Functional relevance of the fusions. (A) Distribution of the fusions according to their protein-coding potential: the known protein coding sequence of the 3′ gene uses a different reading frame than the 5′ gene (frame-shift); the known reading frame of the 3′ gene is the same as the 5′ gene (in-frame); no effect on the reading frame of the parental genes (NA). (B) CTBS-GNG5 and CTNNBIP1-CLSTN1 are widely expressed among tissues and cell lines. (C) An siRNA targeting CTBS-GNG5 resulted in significant reduction of the fusion transcript in immortalized astrocytes. (D) Knocking down CTBS-GNG5 using the fusion-targeting siRNA resulted in significance growth suppression and reduction in cell motility. (E) The siRNA also specifically silenced CTBS-GNG5 fusion transcript in RWPE-1 cells. (F) Knocking down CTBS-GNG5 in RWPE cells also resulted in reduced cell growth and motility. (G) An siRNA targeting CTNNBIP1-CLSTN1 resulted in significant reduction of the fusion transcript, but not wild-type CTNNBIP1 in immortalized astrocytes.
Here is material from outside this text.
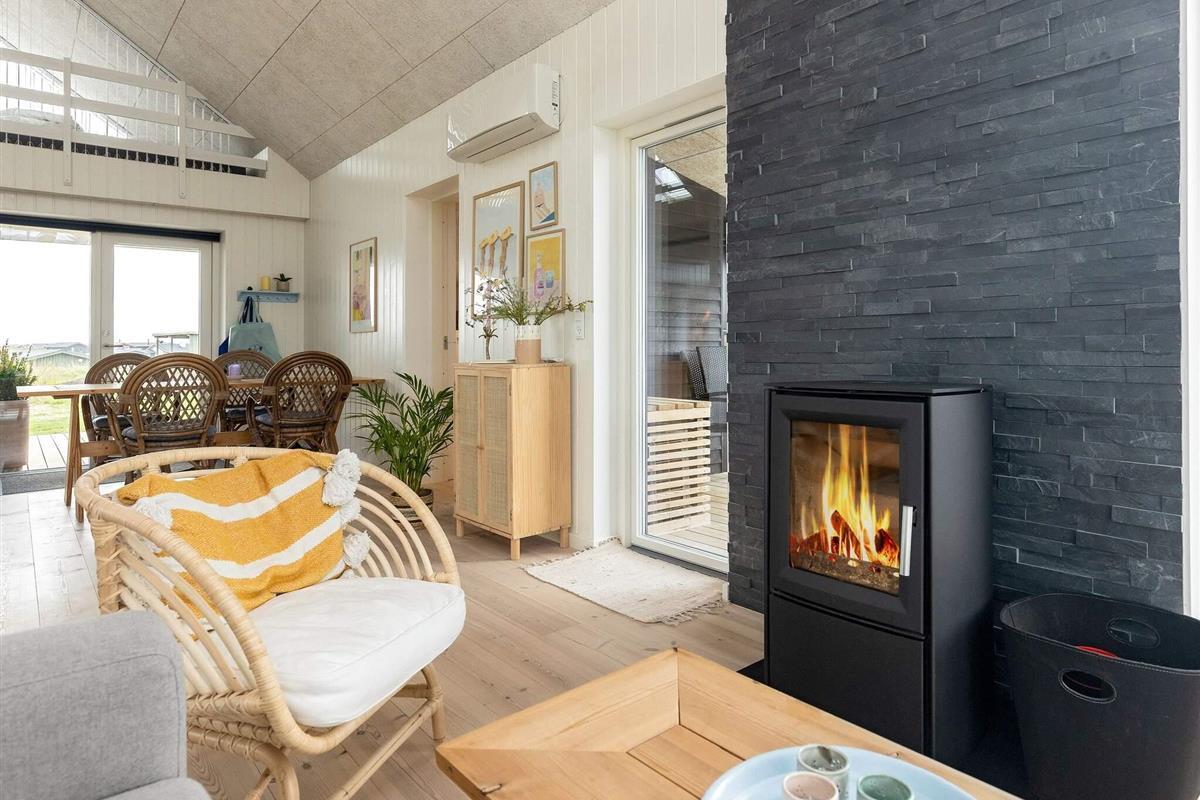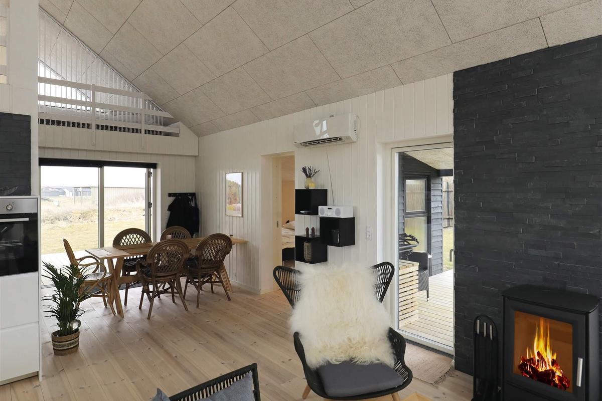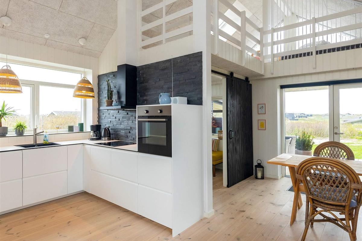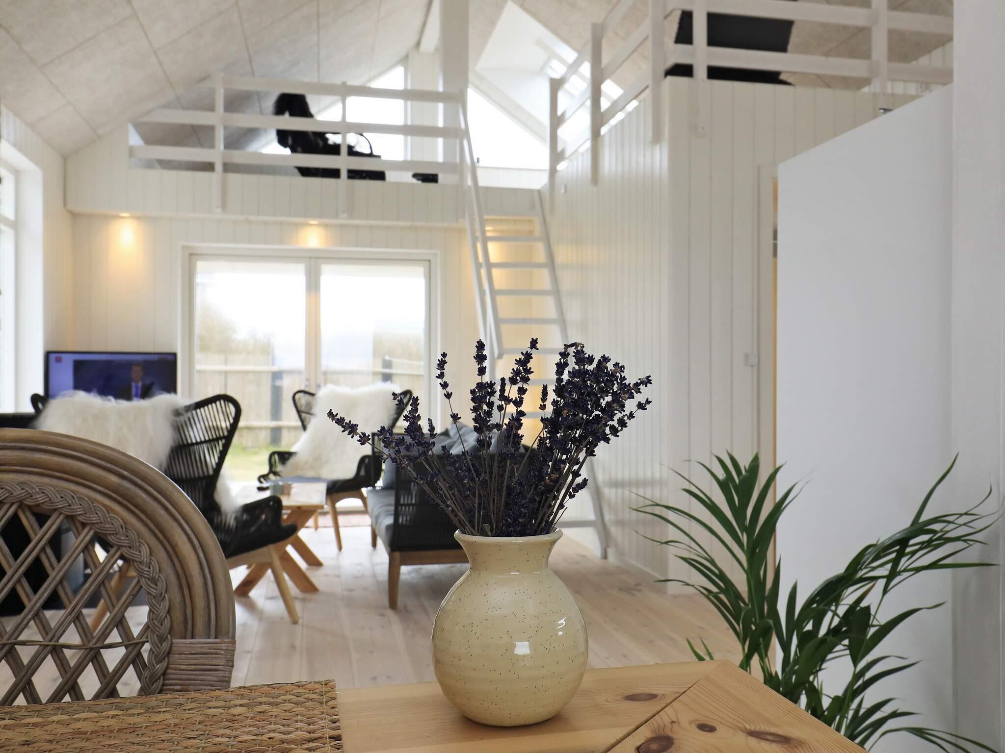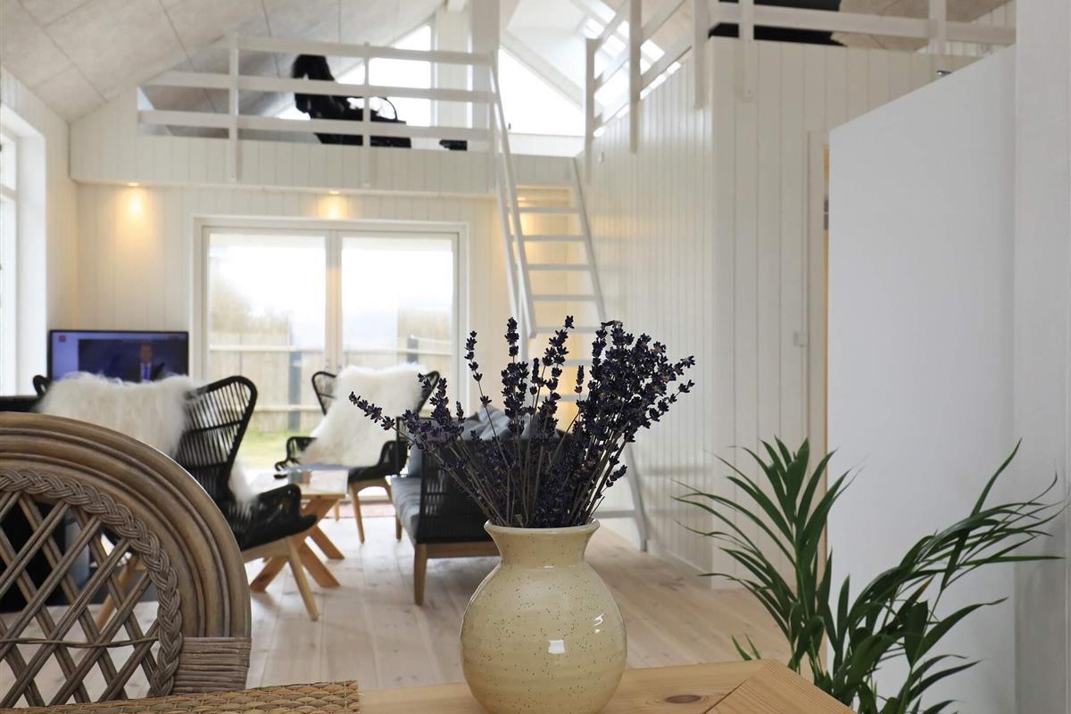 Ferienhaus mit Meerblick bei Løkken. Innen in hellem, typisch skandinavischem Stil eingerichtet. Entspannen Sie hier, ganz unabhängig von der Jahreszeit, mit Ihrer Familie in absolut fantastischer und erholsamer Umgebung am Wasser!
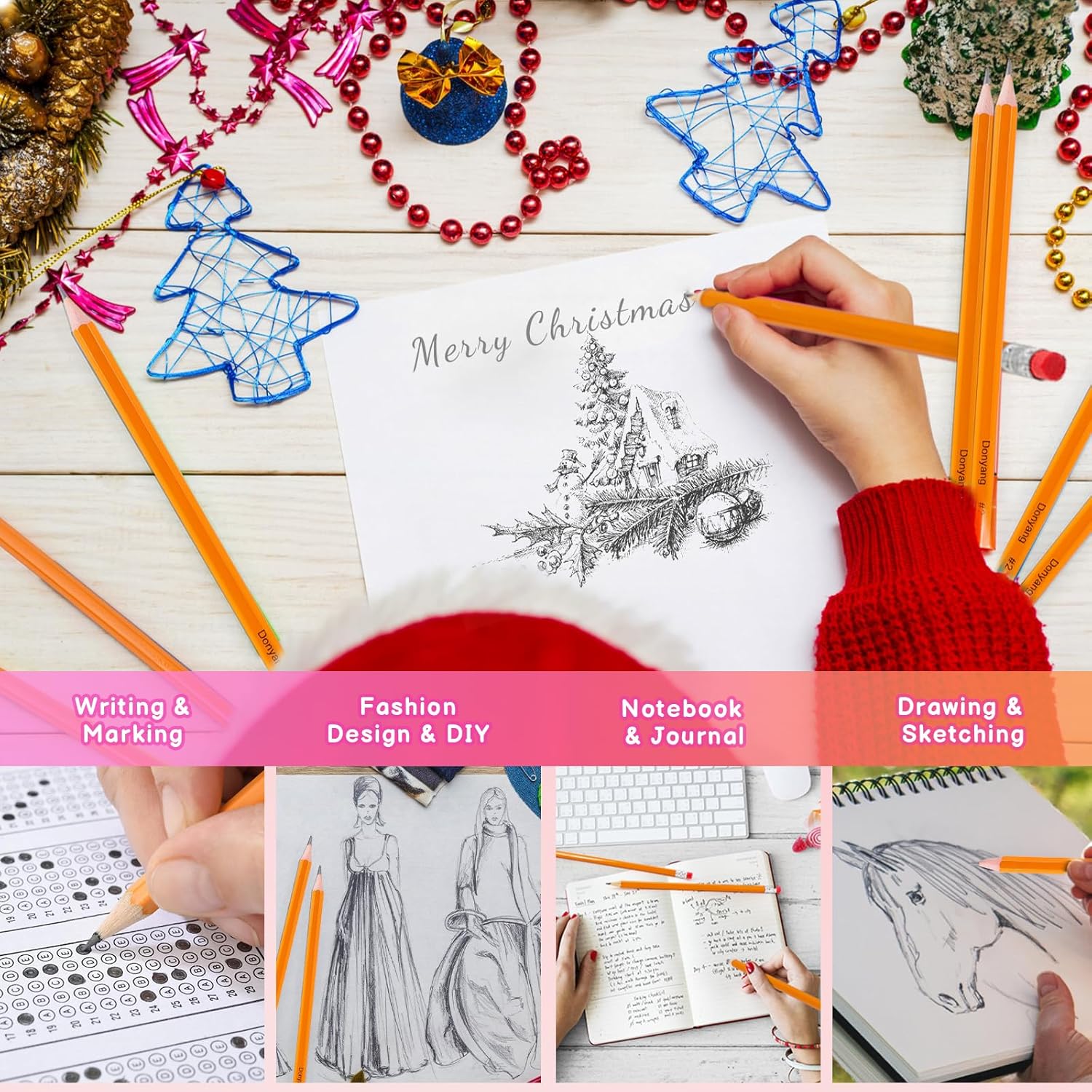- 【1200 PCS Value Pencils Bulk】Donyang’s bulk pack of Number Two pencils comes in a sturdy box with a rounded hexagon shape to reduce rolling. Ideal for schools, offices, and homes, these pencils provide smooth, consistent strokes. They make great gifts for teachers, parents, friends, workmates, and students, perfect for back-to-school supplies and classroom essentials. Furthermore, they are suitable for other occasions such as Halloween, Christmas, Thanksgiving, Easter, birthdays and graduations.

Wild-type CLSTN1 was undetectable in these cells. (H) Knocking down CTNNBIP1-CLSTN1 in these astrocyte cells resulted in reduced cell growth and motility. **P < 0.005. ***P < 0.001.

Figure 6.

Conservation and cancer implications. (A) Fusion RNAs of 81 samples from 15 mouse tissues. Similar to that in human, INTRACHR-SS-0GAP also constituted the biggest portion. (B) Distribution of fusions according to the junction position relative to the parental exon. (C) Venn diagram showing the similarities/differences of fusions in Homo sapiens versus Mus musculus. (D) Venn diagram showing the common fusions in the normal tissues/cells versus the Mitelman Database of Chromosome Aberrations and Gene Fusions in Cancer. Thirteen common fusions are listed.